Further information on the storage time can be found on the Privacy Page of Google:
https://policies.google.com/privacy
The user can deny the permission to send notification.
Support tickets created by the user as well as the message history are stored on the app server. In addition, device related data is stored in case permission for this is granted by the user. This includes the used Firebase Cloud Messaging Token or purchase information. This data is not stored together with other user related data like mail address or user name.
Processing of data is a legitimate interest of the data controller and this interest is not overridden by rights, interests or freedom of the user.
The temporary storage of support tickets is required to allow replying to the requests. Device related data is required to identify potential errors and bugs. They are NOT used for marketing purposes.
The data is deleted in case they are not necessary for the initial purpose anymore.
The processing of above mentioned data is mandatory. Thus, there is no possibility for objection.
Some user interactions are processed on the app server. This contains information about consent to this privacy policy, app openings, onboarding activities or pricing page accesses. Besides the Firebase Cloud Messaging Token no personal data is processed and stored for this purpose.
Processing of data is a legitimate interest of the data controller and this interest is not overridden by rights, interests or freedom of the user.
The processing and storage of the data described above is necessary to securely prove the purchase of in-app products or the consent of the user.
The data is deleted in case they are not necessary for the initial purpose anymore.
The processing of above mentioned data is mandatory. Thus, there is no possibility for objection.
The “TattooInk – Tattoo Designs App” Server stores anonymized data about access into log files. The following data is logged:
- Date and time of the access
- On requesting this privacy policy in the browser: used browser and OS, used device
- Used IP
This data is not stored together with other user related data. The user’s IP is anonymized for long term storage.

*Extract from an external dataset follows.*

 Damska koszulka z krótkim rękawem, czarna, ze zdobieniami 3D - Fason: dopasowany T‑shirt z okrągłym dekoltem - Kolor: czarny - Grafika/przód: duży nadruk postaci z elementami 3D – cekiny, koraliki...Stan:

Processing of data is a legitimate interest of the data controller and this interest is not overridden by rights, interests or freedom of the user.
The temporary storage of the full IP address for the current session is mandatory in order to deliver the requested data to the user’s device.

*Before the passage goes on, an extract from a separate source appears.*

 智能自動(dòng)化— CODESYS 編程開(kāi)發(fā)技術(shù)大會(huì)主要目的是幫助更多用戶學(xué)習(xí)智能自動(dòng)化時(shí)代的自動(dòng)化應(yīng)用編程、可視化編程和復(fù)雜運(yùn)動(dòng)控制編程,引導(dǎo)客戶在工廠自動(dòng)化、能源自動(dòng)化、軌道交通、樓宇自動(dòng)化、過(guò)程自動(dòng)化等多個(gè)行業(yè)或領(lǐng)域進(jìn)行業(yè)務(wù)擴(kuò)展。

The log files are stored in order to ensure the functionality of the server. They are used to identify potential errors and bugs, for optimization purposes and to ensure the security of the IT system. They are NOT used for marketing purposes.
The data is deleted in case they are not necessary for the initial purpose anymore. In case of session data this is the case after the session has ended. Log files are deleted after 14 days at the latest.

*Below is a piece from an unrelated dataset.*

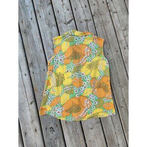 Vintage 1970s Floral Linen Button Up Sleeveless Tank Womens L/XL.

The processing of above mentioned data is mandatory. Thus, there is no possibility for objection.
The “TattooInk – Tattoo Designs App” server is hosted by Netcup GmbH. The server is located in Germany. Netcup may store data about server accesses.
More information about Netcup and privacy can be found here:
https://www.netcup.de/kontakt/datenschutzerklaerung.php
Processing of data is a legitimate interest of the data controller and this interest is not overridden by rights, interests or freedom of the user.
Information on the purpose of data processing can be found on Netcup's privacy page:
https://www.netcup.de/kontakt/datenschutzerklaerung.php
You can find information about the duration of storage on Netcup's privacy page:
https://www.netcup.de/kontakt/datenschutzerklaerung.php
The processing of above mentioned data is mandatory. Thus, there is no possibility for objection.